Population (2024 census)
- • Total: 35,243
- • Density: 412.5/km^{2} (1,068/sq mi)
- • Households: 4,409

Economy
- • Income class: 4th municipal income class
- • Poverty incidence: 54.52% (2023)
- • Revenue: ₱ 128.8 million (2024)
- • Assets: ₱ 96.73 million (2024)
- • Expenditure: ₱ 147 million (2024)
- • Liabilities: ₱ 51.48 million (2024)

Service provider
- • Electricity: Maguindanao Electric Cooperative (MAGELCO)
- Time zone: UTC+8 (PST)
- ZIP code: 9612
- PSGC: 1903831000
- IDD : area code: +63 (0)64
- Native languages: Maguindanao Tagalog

= Datu Anggal Midtimbang =

Municipality in Maguindanao del Sur, Philippines

Datu Anggal Midtimbang, officially the Municipality of Datu Anggal Midtimbang (Maguindanaon: Ingud nu Datu Anggal Midtimbang; Iranun: Inged a Datu Anggal Midtimbang; Bayan ng Datu Anggal Midtimbang), is a municipality in the province of Maguindanao del Sur, Philippines.
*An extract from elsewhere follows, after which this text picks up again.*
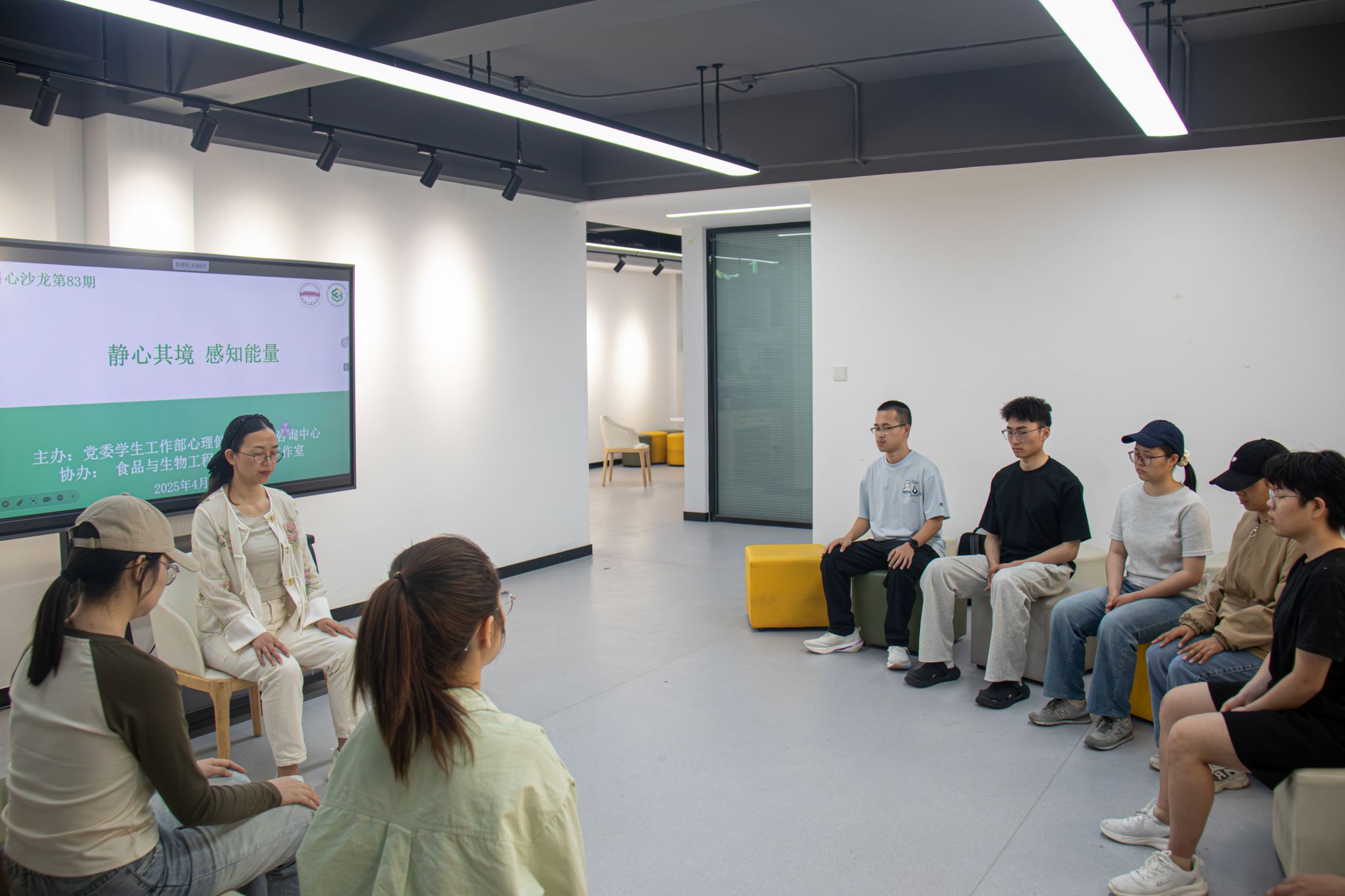 4月26日晚19:00,英国365集团官网在翡翠湖校区6号宿舍楼员工社区沙龙空间举办斛心沙龙第83期(本科生专场)活动,主题为“静心其境 感知能量”,20余名本科生参与其中。本次沙龙由安徽省心理卫生协会理事金曼主讲,聚焦冥想主题,通过多元环节助力员工身心成长。在“正念呼吸”环节,金曼引导同学们专注于呼吸,感受气息的进出,在一呼一吸间放松身心,排除杂念,让同学们初步体验到冥想带来的宁静,感知自身内在的能量流动...

According to the 2024, it had a population of 35,243.

== Etymology ==
The name originated from Datu Anggal Midtimbang, the father of Datu Udzag Midtimbang, the first mayor and the founder of Talayan, Maguindanao del Sur; Datu Midpantao Sr., the former mayor of the municipality of Guindulungan; and Datu Ali Midtimbang Sr., the former mayor of Talayan.

==History==
During the second regular session of the fifth legislative assembly of the Autonomous Region in Muslim Mindanao, the regional legislature created Datu Anggal Midtimbang out of three barangays of Talayan and four from Talitay, by virtue of Muslim Mindanao Autonomy Act No. 207, which was subsequently ratified in a plebiscite held on December 30, 2006.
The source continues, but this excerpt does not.